Being based on Clojure for good and bad also means being dependant on the JVM. Not taking RMS's stance on Free software with a capitol F into account (and make no mistake that Emacs is RMS's baby, it wont happen), the JVM is a troublesome dependency in itself.

OpenJDK has terrible performance. Oracle JVM has terrible licensing and platform support.

For the "emerging" platforms such as ARM that means that anything based on JVM is inaccessible, unless you are willing to accept a 30 second+ startup-time for any JVM based application.

If you have any doubts about this, try getting Clojure and the appropriate tooling working on a Raspberry Pi. You will be tearing your hair out before having written a single line of code. While the rest of the Linux userland (based on C) just flows by at a nice regular speed.

The JVM situation (either open, supported and slow, or not supported at all) makes Clojure a no-go on this entire platform.

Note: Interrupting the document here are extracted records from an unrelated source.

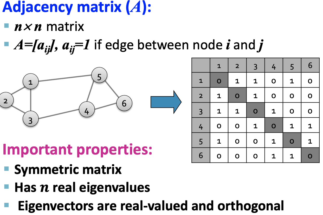 - Spectral Graph Theory는 이처럼 matrix representing G 의 Spectrum 을 분석하는 방법입니다.
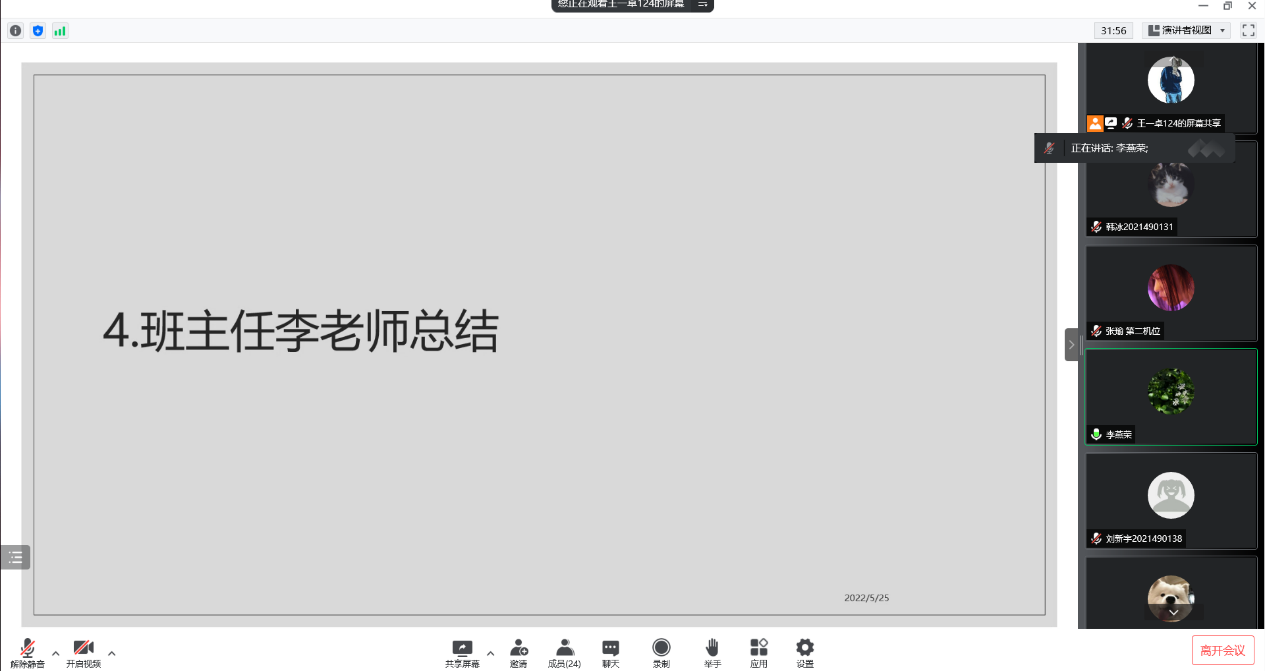 线上陪伴活动,得到专业和班级的积极响应。为缓解同学们在疫情下的心理压力、帮助和督促学生学习不松懈,2022年5月25日晚,2020级工商管理类5班举行“疫”起奋斗主题班会。班主任李燕荣老师和全体同学共同参会。
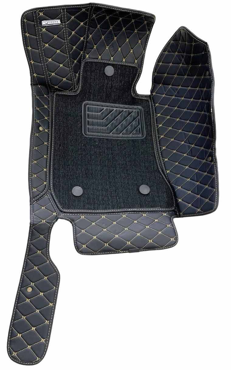 Їх контур прострочений високоякісної і міцною ниткою, що запобігає розшаровування країв. Крім того, на центральній частині килимка є спеціальне тиснення, яке крім естетичної функції виконує і практичну - рельєфна поверхня килимків утримує бруд і рідину, не допускаючи їх поширення по салону автомобіля.

While I'm not saying we should limit Emacs to what runs well on a RPi, I think it's worth considering ARM as a critical platform to support in the future, and the JVM has no room there. At all.


> > As for the future, I would love to see an Emacs implemented in Clojure

> Being based on Clojure for good and bad also means being dependant on the JVM. {snip} The JVM situation (either open, supported and slow, or not supported at all) makes Clojure a no-go on this entire platform.

Maybe the solution is that we need a Clojure implemented on Guile.

Edit: That would make a number of groups of people happy:

* the free-software advocates who like Clojure don't like its current license (EPL)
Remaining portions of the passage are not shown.